In order to run Windows, you need to have a total lack of aesthetic sense, a willingness to put up with "updates" that brick your computer, a tolerance for Microsoft-Quality™ software ("let's add more buttons to a ribbon bar and ship it!"), and a willingness to use junk hardware that consumes twice as much power as needed and makes noise all the time.
me, yesterday

And then immediately an argument broke out on Mastodon where someone (I'll not shame him here) claims aesthetics are unnecessary and ruining the world, artists are frauds, a computer held together with zip-ties is good, and runs better than a pretty, well-built machine (what's EM interference? what's noise? why doesn't Windows wifi work? He does not know.)

These people exist, and are the majority of the customers of Microsoft and other artistically-void software companies.

And I have to point back to Steve Jobs, in 1995, just before NeXT got "acquired" by Apple and immediately took over:

Steve Jobs-1995

The Stubbornness of Windows Users

What we've got here is, a total failure to understand the purpose of the device or the OS.

A somewhat long sidebar here, state of the world in desktop operating systems:

  • Windows: Redmond still ships a garbage toy OS which is the bastard child of VMS and MS-DOS, that costs a lot of money, but runs on cheap (but not sub-$200) computers, many of which come in every shape and size. In order to run Windows, you need to have a total lack of aesthetic sense, a willingness to put up with "updates" that brick your computer, a tolerance for Microsoft-Quality™ software ("let's add more buttons to a ribbon bar and ship it!"), and a willingness to use junk hardware that consumes twice as much power as needed and makes noise all the time.
    Slightly positive, the graphics and sound systems work, and you get all the games; if that's all you're after, though, a PS4 or Xbox OnePlus+Ultra/190 (whatever the name is) is a better deal. You can generally browse the web on Windows, and you'll get some viruses and ransomware but it works. Dev tools on Windows are expensive and shitty, so in order to get real dev work done, Redmond now also ships Linux inside Windows. My bias shows, sure: I've never owned a Microsoft product in my life, and I'd eat broken glass before doing so, but I've had to use them in some workplaces. Dire, but minimally functional.
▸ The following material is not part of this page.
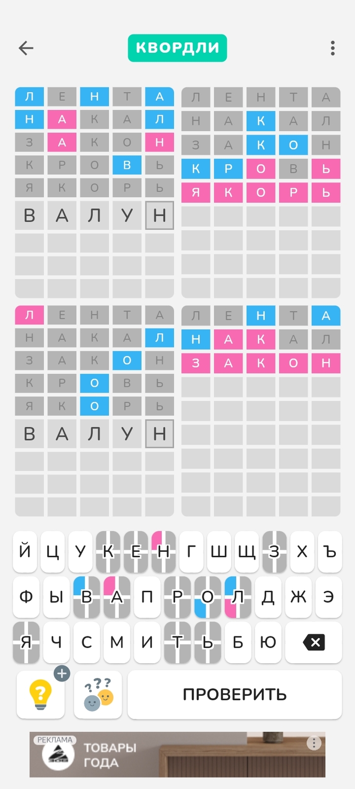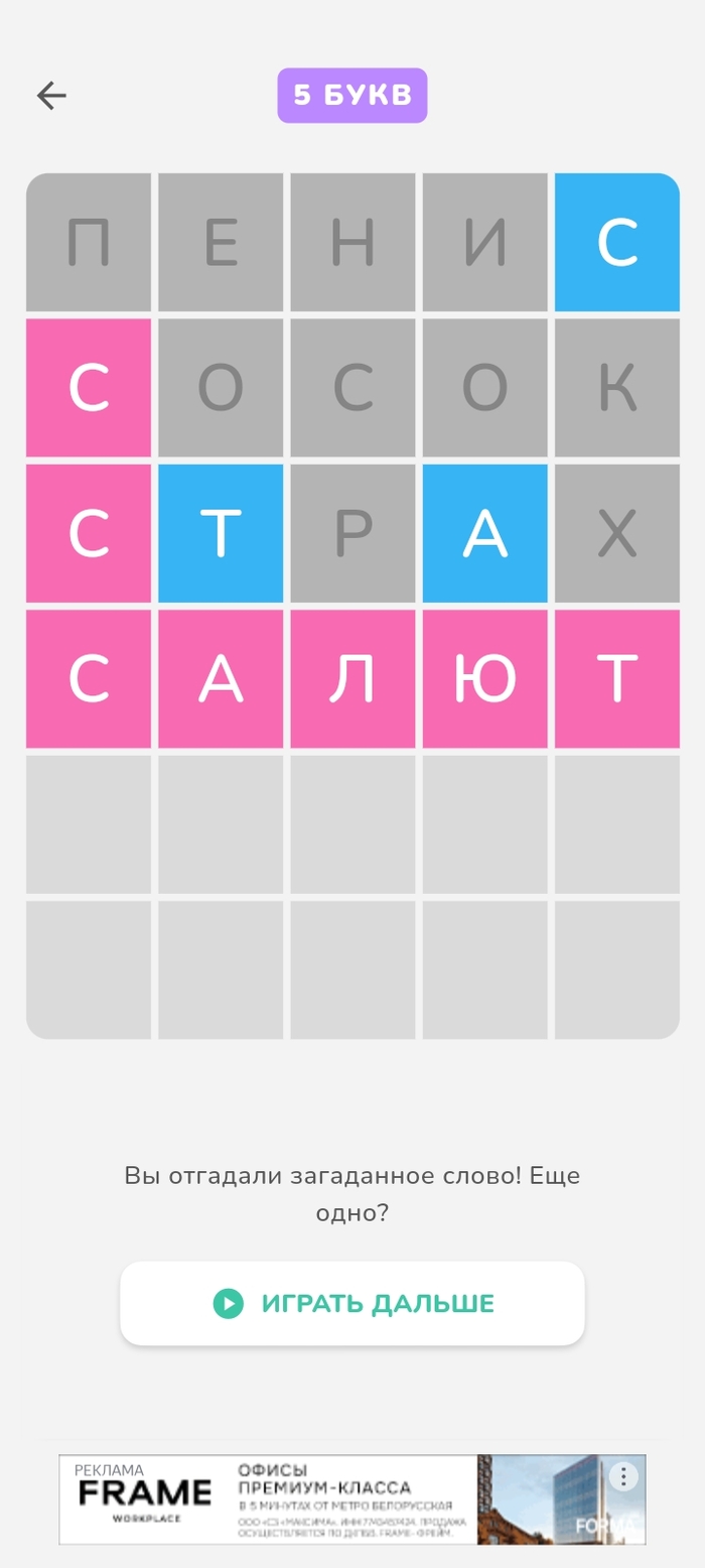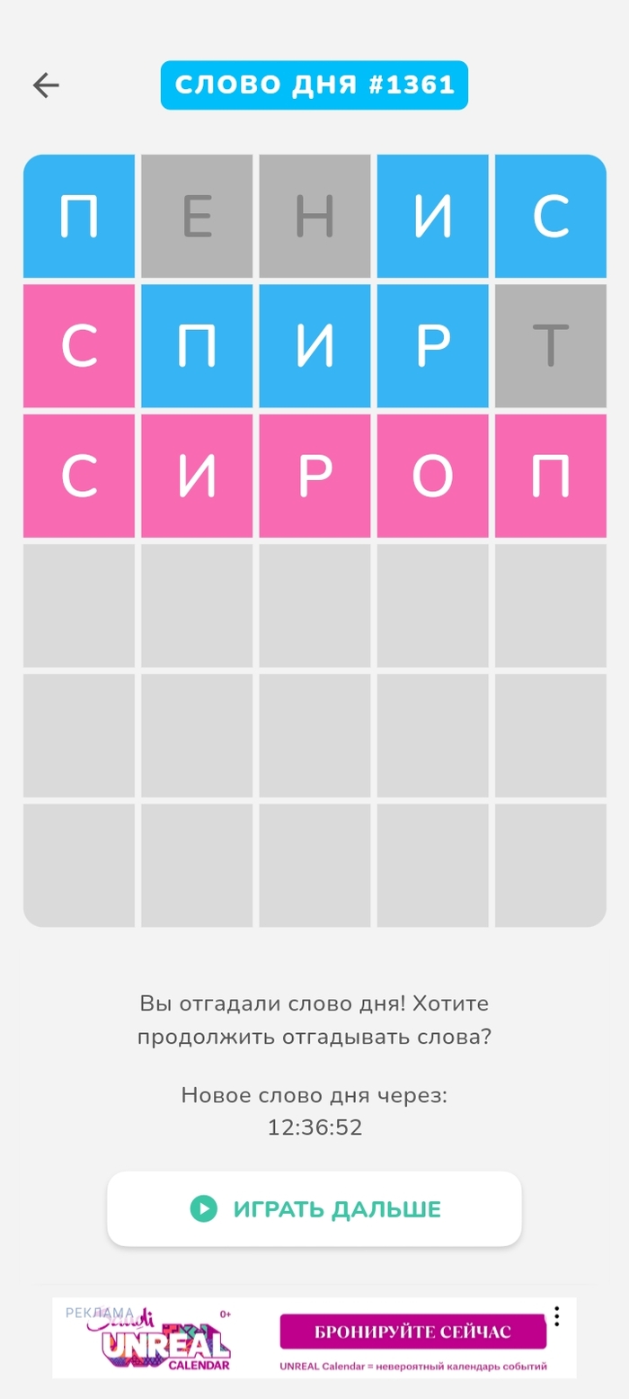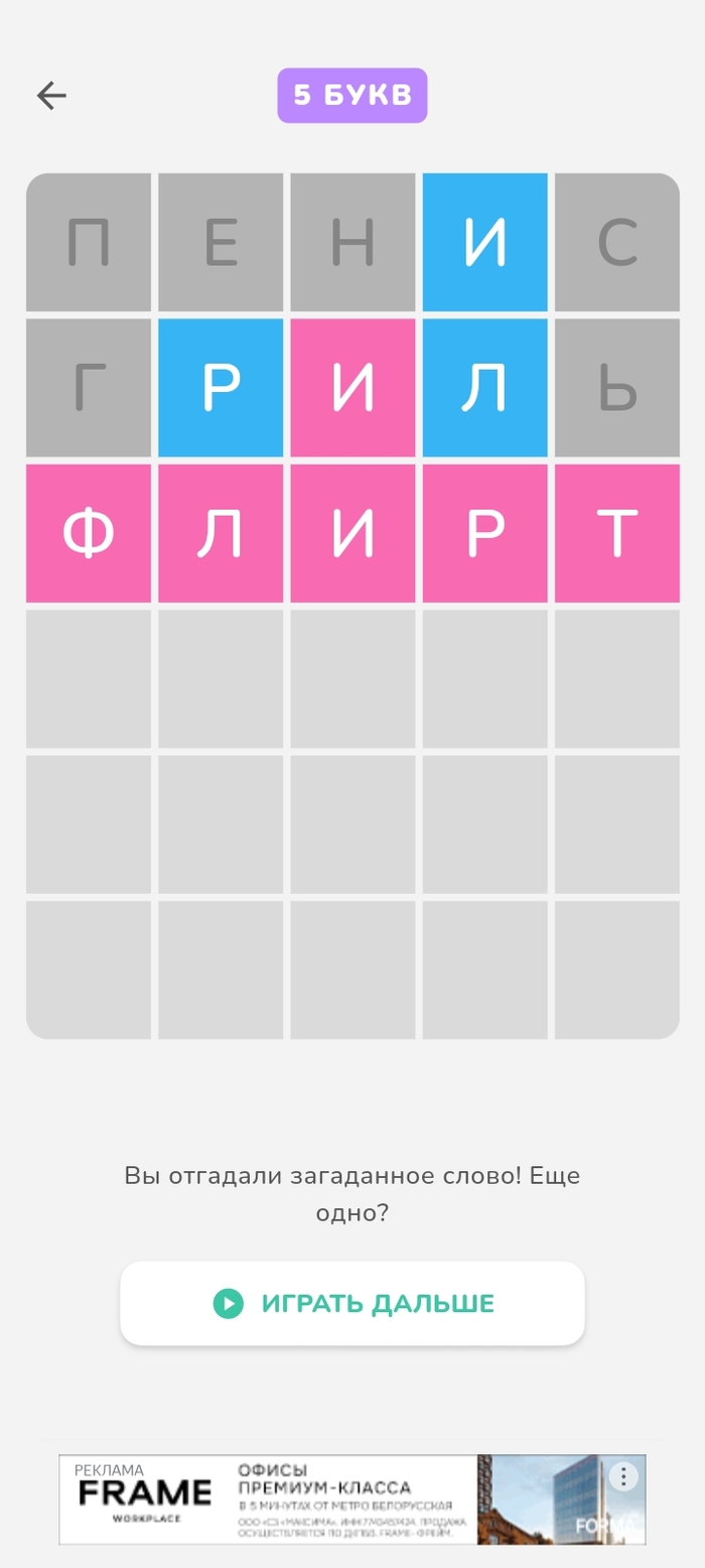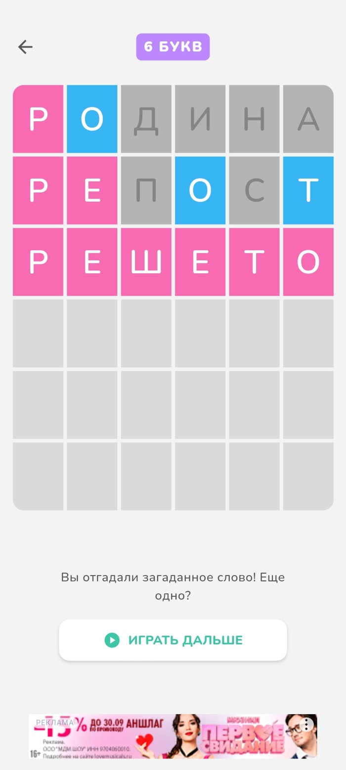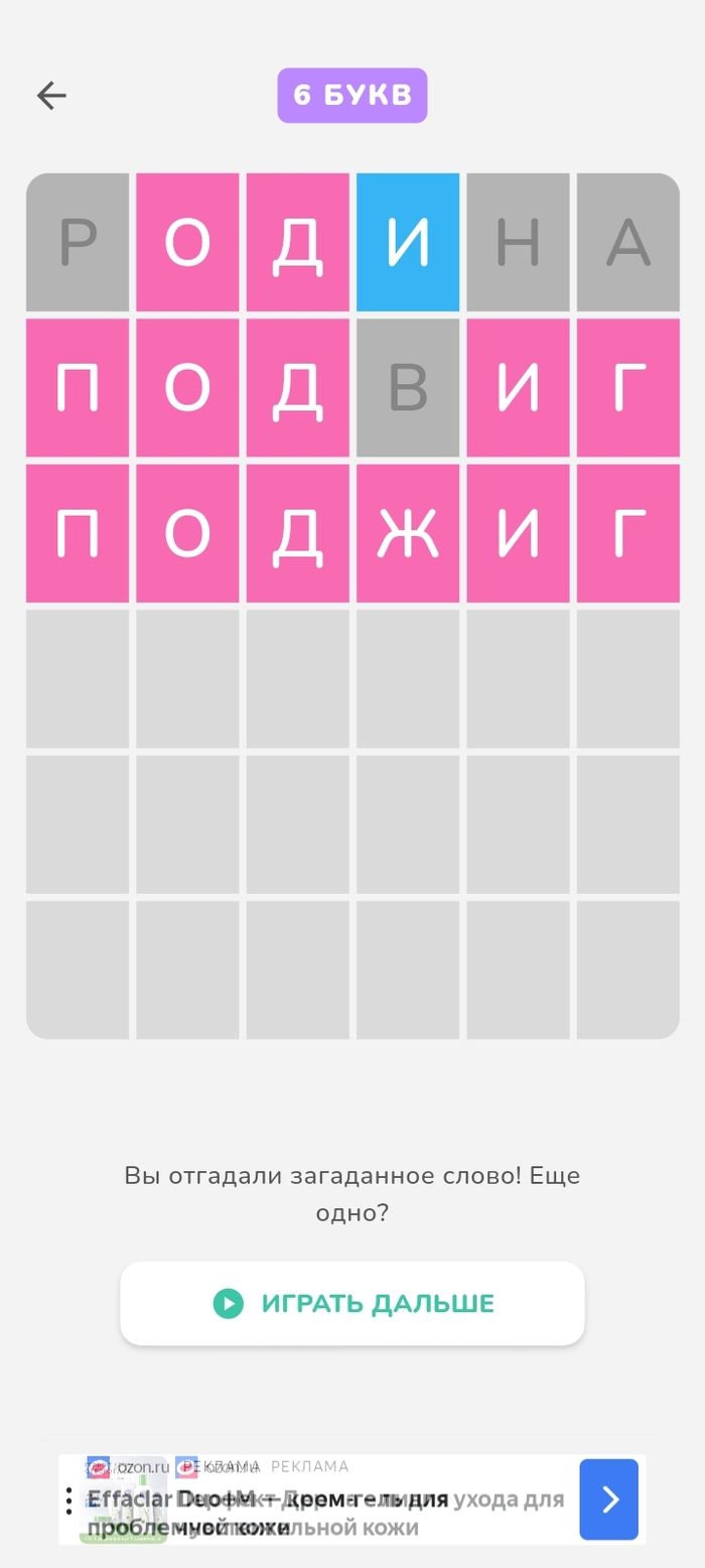 Напоминаю правила новичкам: если в вашем слове присутствует буква искомого слова - она обозначается голубым. Если она стоит на своём месте - розовым. С каждым ходом вы, используя эту информацию, приближаетесь к правильному ответу.

  • Linux: Distros ship a garbage OS for free that runs on garbage computers, including sub-$200 microcontrollers. In order to run Linux, you need to be masochistic, technically educated, not have any need for desktop apps, sound support, graphics support, games (some Steam stuff now works, sometimes, on higher-end machines!). As a server or microcontroller OS, or a very nerdy dev machine (emacs and C), it's adequate and somewhat supported. Only insane people use Linux as a working desktop. I say that as someone who ran it as a working desktop for a decade, and I loathed it.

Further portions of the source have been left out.